#### DATA:
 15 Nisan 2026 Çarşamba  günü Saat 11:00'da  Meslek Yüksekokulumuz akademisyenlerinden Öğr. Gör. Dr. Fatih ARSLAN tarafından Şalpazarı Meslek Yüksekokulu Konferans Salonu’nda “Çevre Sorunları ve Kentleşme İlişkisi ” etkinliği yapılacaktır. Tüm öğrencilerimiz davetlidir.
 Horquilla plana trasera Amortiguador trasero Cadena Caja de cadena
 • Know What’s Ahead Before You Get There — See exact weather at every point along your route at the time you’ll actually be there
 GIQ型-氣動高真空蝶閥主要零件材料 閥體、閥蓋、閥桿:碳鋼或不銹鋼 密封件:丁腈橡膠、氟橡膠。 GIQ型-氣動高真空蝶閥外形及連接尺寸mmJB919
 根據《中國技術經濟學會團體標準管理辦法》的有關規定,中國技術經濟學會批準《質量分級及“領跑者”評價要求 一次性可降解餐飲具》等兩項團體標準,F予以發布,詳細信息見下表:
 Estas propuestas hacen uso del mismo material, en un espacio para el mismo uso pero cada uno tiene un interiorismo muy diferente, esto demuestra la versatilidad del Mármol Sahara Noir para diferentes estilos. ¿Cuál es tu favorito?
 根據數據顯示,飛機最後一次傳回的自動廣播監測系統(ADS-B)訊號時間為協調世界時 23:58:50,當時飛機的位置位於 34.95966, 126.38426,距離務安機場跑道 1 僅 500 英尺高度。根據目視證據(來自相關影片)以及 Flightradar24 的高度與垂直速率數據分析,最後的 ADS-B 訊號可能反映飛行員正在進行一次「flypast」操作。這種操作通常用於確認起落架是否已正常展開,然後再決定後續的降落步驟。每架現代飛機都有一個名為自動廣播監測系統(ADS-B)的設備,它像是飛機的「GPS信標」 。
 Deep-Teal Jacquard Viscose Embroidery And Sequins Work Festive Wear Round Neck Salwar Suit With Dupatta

==

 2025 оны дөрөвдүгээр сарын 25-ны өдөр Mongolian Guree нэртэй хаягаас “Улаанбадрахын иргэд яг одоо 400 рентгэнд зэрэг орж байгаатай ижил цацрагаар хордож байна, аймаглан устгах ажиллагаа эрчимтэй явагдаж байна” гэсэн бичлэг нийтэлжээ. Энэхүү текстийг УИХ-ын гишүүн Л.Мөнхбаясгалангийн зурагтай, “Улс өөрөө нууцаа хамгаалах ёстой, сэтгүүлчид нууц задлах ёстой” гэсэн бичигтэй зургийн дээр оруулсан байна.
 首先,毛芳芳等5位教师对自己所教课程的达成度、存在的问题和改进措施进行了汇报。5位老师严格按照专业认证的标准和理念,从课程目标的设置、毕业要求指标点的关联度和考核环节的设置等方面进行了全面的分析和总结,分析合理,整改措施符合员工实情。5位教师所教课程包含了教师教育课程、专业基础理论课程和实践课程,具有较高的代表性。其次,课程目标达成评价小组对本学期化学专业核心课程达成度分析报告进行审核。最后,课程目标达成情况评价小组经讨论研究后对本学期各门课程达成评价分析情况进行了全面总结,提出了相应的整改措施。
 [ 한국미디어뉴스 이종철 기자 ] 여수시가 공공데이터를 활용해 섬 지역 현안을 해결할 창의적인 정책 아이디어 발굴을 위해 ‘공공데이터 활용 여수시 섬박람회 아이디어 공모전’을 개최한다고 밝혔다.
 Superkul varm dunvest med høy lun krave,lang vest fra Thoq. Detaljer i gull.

---

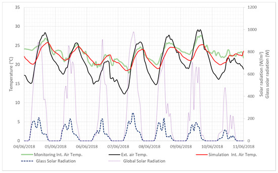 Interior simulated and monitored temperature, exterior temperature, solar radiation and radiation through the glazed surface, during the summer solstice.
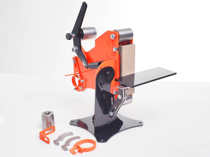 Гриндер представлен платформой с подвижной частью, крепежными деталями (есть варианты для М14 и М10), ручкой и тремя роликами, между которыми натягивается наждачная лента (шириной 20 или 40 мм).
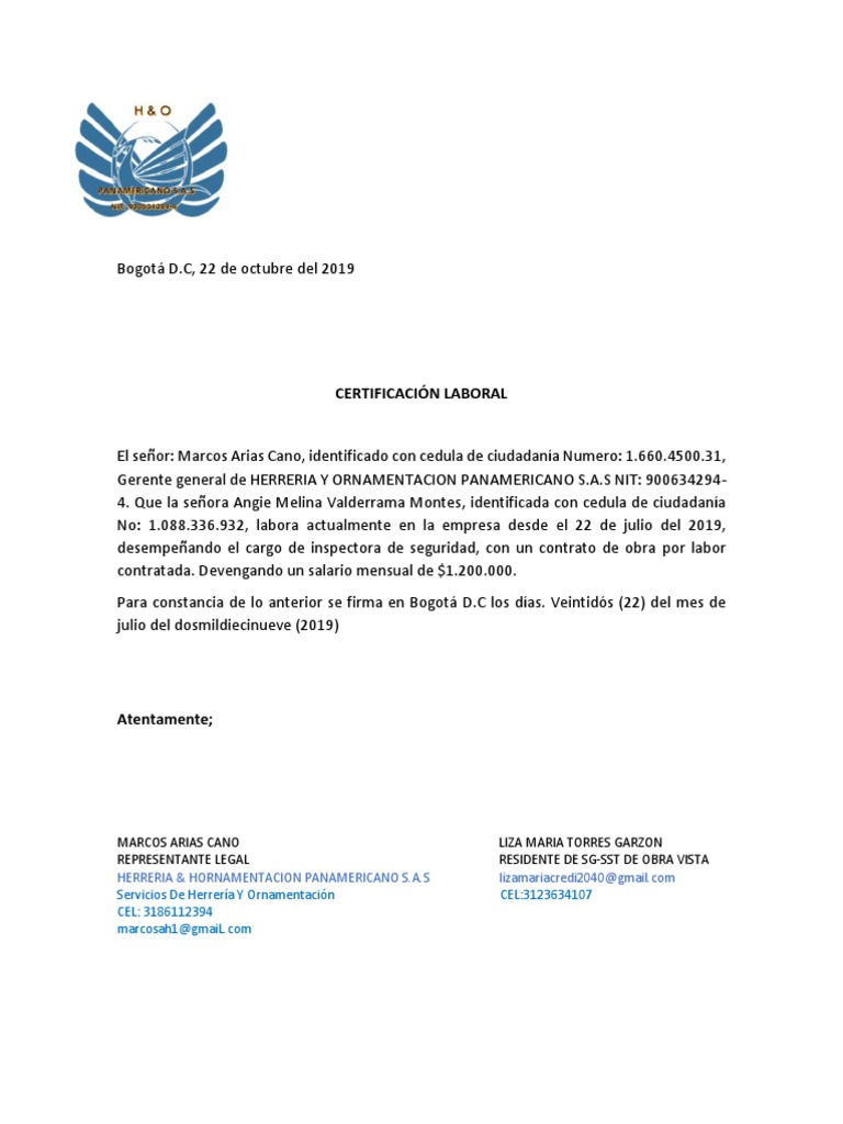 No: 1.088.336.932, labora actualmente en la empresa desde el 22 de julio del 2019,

#### WORK ITEM:
Give again the stretch of lines above from the one with "Interior simulated and" through the one with "No: 1.088.336.932, labora", both ends kept, and copy no pictures.

#### RESPONSE AREA:
 Interior simulated and monitored temperature, exterior temperature, solar radiation and radiation through the glazed surface, during the summer solstice.
 Гриндер представлен платформой с подвижной частью, крепежными деталями (есть варианты для М14 и М10), ручкой и тремя роликами, между которыми натягивается наждачная лента (шириной 20 или 40 мм).
 No: 1.088.336.932, labora actualmente en la empresa desde el 22 de julio del 2019,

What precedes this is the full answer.